April 24, 2014, in Interesting
Despite the fact that planes fly at different points throughout the year, 24 hours a day and fall only 1-2 times a year, many people are still afraid to fly. Even on car ride is much more dangerous than flying in airplane, if you do not believe me, check the statistics. Because of fear and ignorance, almost since the air transports was invented, and large number of myths, some people continue to afraid to fly. It's time to debunk these misconceptions and popular myths.

Open the door of the aircraft during flight is extremely dangerous

This is not so. Experienced pilot and blogger Patrick Smith explained that after takeoff the aircraft doors are under great pressure. That is, to open a door, you will need the strength of Superman. Any man, even the world weight lifting champion can't do it.

So if you are afraid that some tipsy passenger during flight will open the door and passengers begin to fly overboard, you do not have to worry about. It is absolutely impossible.

If the surface of the aircraft formed a small hole, all passengers will be 'sucked' overboard

Rapid decompression and subsequent crash could be caused by the explosion or significant structural damage.

From small gap decompression pressure really falls, but as it is evenly distributed over the whole plane, plane can fly safety to the nearest airport and do emergency landing.

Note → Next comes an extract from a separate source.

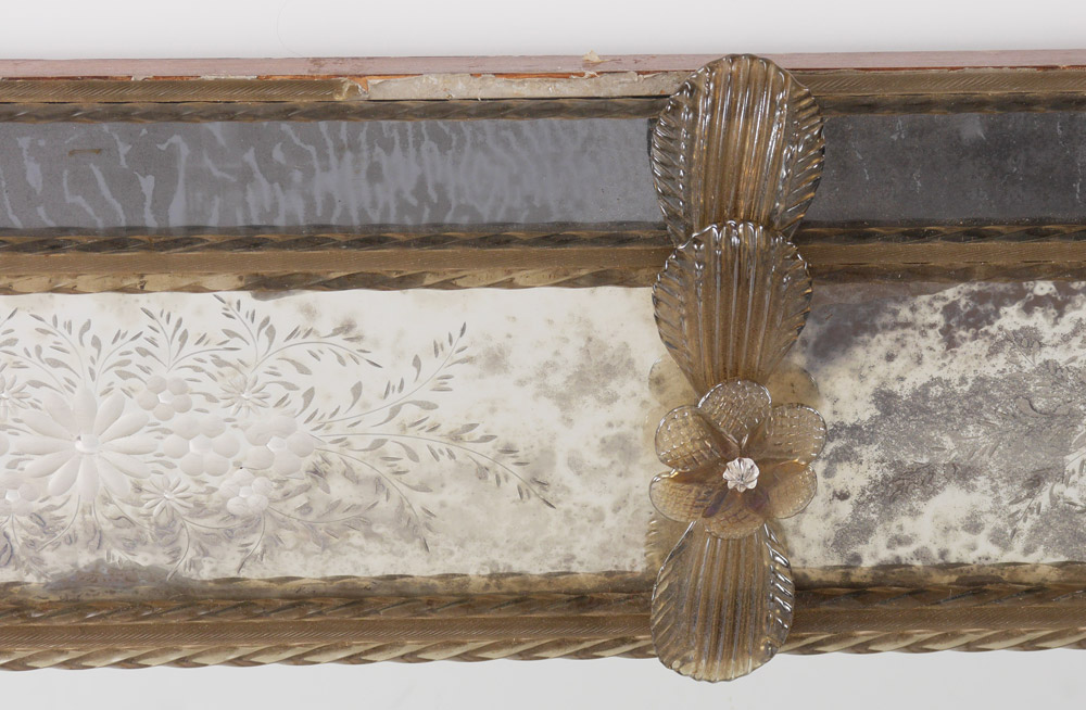 VENETIAN STYLE ETCHED WALL MIRROR: Rectangular wall mirror with etched floral motif panels, applied rosettes and petals, twist glass and metal trim. 40 1/4'' x 31 3/4'' x 2''.

At high altitude man drunk faster

This myth refuted "Myth Busters". Blood alcohol level on the ground and the plane is the same. However, since the air on board oxygen is usually less, people can really feel drunk, even if they did not touch alcohol at all.

During the flight, the faeces are released into the air

Stories of the fallen from the sky right on the head excrement - pure fiction. The pilot can not open sewage tank during flight. If someone's head fell suspicious substance, likely we need to blame the birds.

If you click on the sink, sitting on the toilet in an airplane, you can get stuck

You can only get stuck if your body forms a perfect airtight stopper. It's pretty difficult. "Myth Busters" Adam Savage tried to do this trick, but he can't achieve it.

Constant circulation of the same portion of air in the plane leads to the spread of diseases

Air moves in a circle until it gets into the lower compartment, where about half disappears overboard. The remaining half goes through filters, mixed with a portion of fresh air and this mix makes a new turn.

Boeing manufacturers claim that thanks to this system and filters, 94 to 99 percent of all airborne bacteria is neutralized and air is updated every two or three minutes - much more often than in buildings. Danger of catching any infection rather may come from such surfaces as folding tables. So it makes sense to have disinfectant wipes.

Seat belt can reduce your chances of survival in case of disaster

Here the situation is much the same as with the seat belt in the car. It is possible to imagine a situation when stuck fixing prevent to quickly get out of the aircraft. But in general, benefit from it is much more than harm.

In accident situations, a person can throw out of the chair, hit the hull or hit another passenger. So it is better to spend a couple of seconds to ensure that your seat belt is correctly fixed.

Pilots can control the air flow to keep passengers sleepy and save fuel

The oxygen level is determined by the air pressure and can't be controlled by pilots

Oxygen masks - intended only to calm passengers

In fact, in the case of decompression, crew and passengers will have to rely on outside air, where the oxygen content is quite insufficient. And while the plane will not fall low enough to at least three thousand meters without oxygen masks you will not survive.

Chances of surviving a plane crash almost zero

During the catastrophe of Boeing 777 in San Francisco, was saved 304 of 307 passengers. In addition, according to the U.S. National Council for Transport Safety during flights incidents between 1983 and 2000, 95 percent of the passengers survived these flights. Under the 'incident' means all cases that have led to major damage to the aircraft, death or injury of passengers.